Segment Open

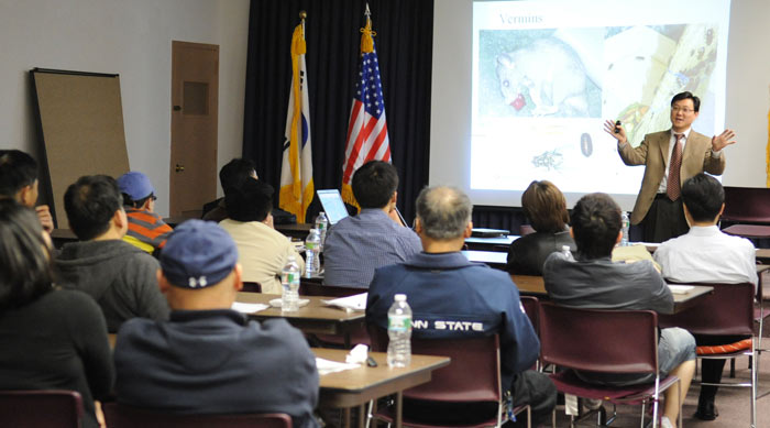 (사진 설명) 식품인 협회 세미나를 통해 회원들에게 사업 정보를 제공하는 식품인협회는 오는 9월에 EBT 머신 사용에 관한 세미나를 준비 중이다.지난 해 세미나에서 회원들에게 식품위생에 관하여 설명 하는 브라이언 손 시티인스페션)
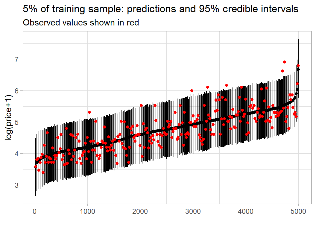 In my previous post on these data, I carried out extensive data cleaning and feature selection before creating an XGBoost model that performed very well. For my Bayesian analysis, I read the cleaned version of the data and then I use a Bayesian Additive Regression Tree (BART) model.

Segment Closed
Segment Open

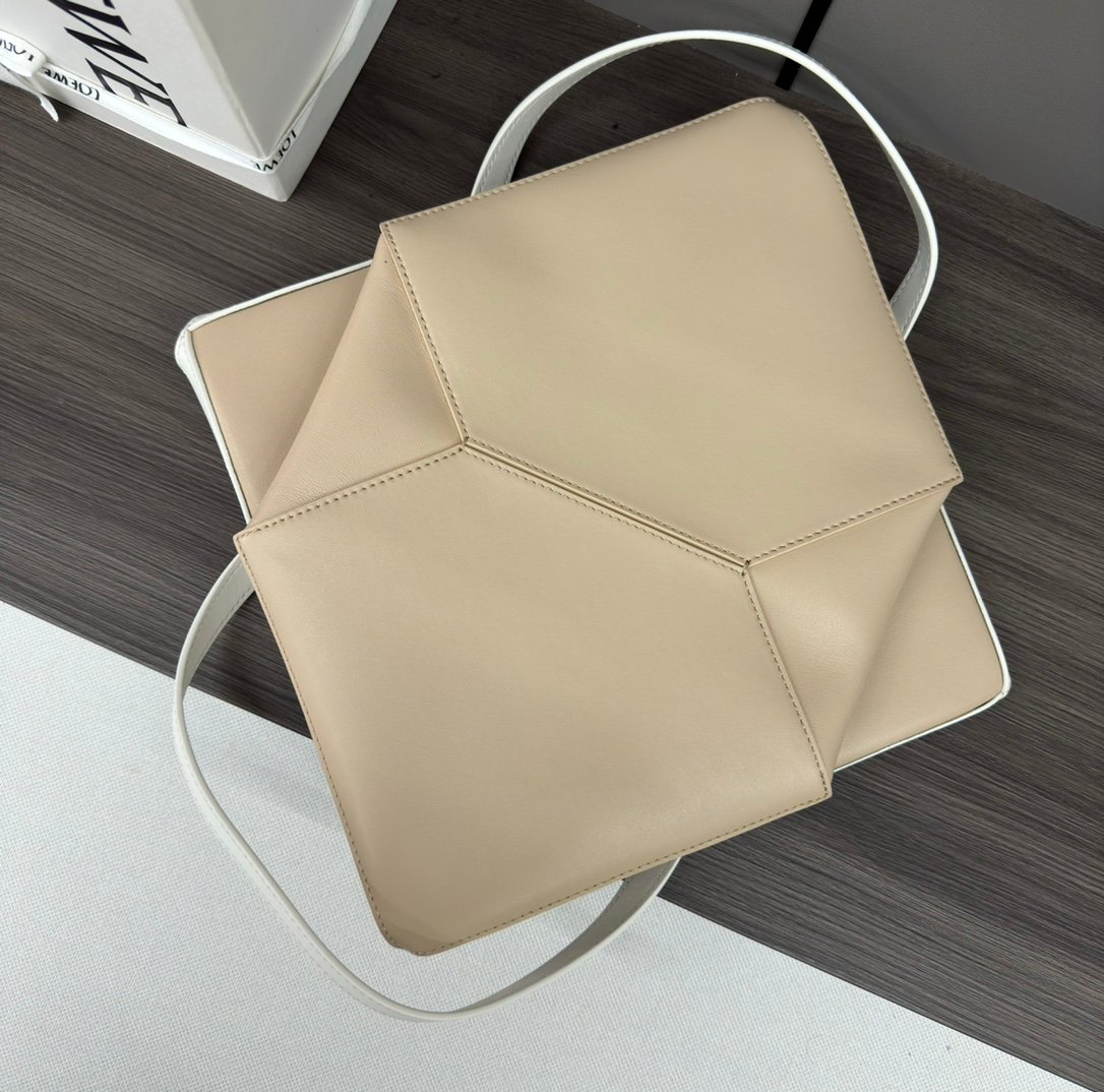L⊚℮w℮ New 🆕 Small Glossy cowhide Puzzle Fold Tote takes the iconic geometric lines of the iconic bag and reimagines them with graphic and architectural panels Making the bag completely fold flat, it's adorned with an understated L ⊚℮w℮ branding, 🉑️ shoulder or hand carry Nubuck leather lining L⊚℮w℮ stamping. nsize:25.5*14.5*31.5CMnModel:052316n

Segment Closed
Segment Open

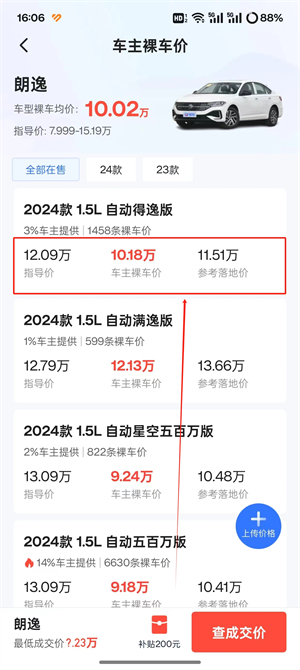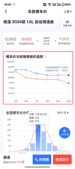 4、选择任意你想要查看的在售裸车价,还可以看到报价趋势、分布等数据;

Segment Closed

Give again, exactly as written above, each line from the one that has "(사진 설명) 식품인" to the one that has "In my previous", both included; omit the pictures.

▶ **EXERCISE OUTPUT**:
 (사진 설명) 식품인 협회 세미나를 통해 회원들에게 사업 정보를 제공하는 식품인협회는 오는 9월에 EBT 머신 사용에 관한 세미나를 준비 중이다.지난 해 세미나에서 회원들에게 식품위생에 관하여 설명 하는 브라이언 손 시티인스페션)
 In my previous post on these data, I carried out extensive data cleaning and feature selection before creating an XGBoost model that performed very well. For my Bayesian analysis, I read the cleaned version of the data and then I use a Bayesian Additive Regression Tree (BART) model.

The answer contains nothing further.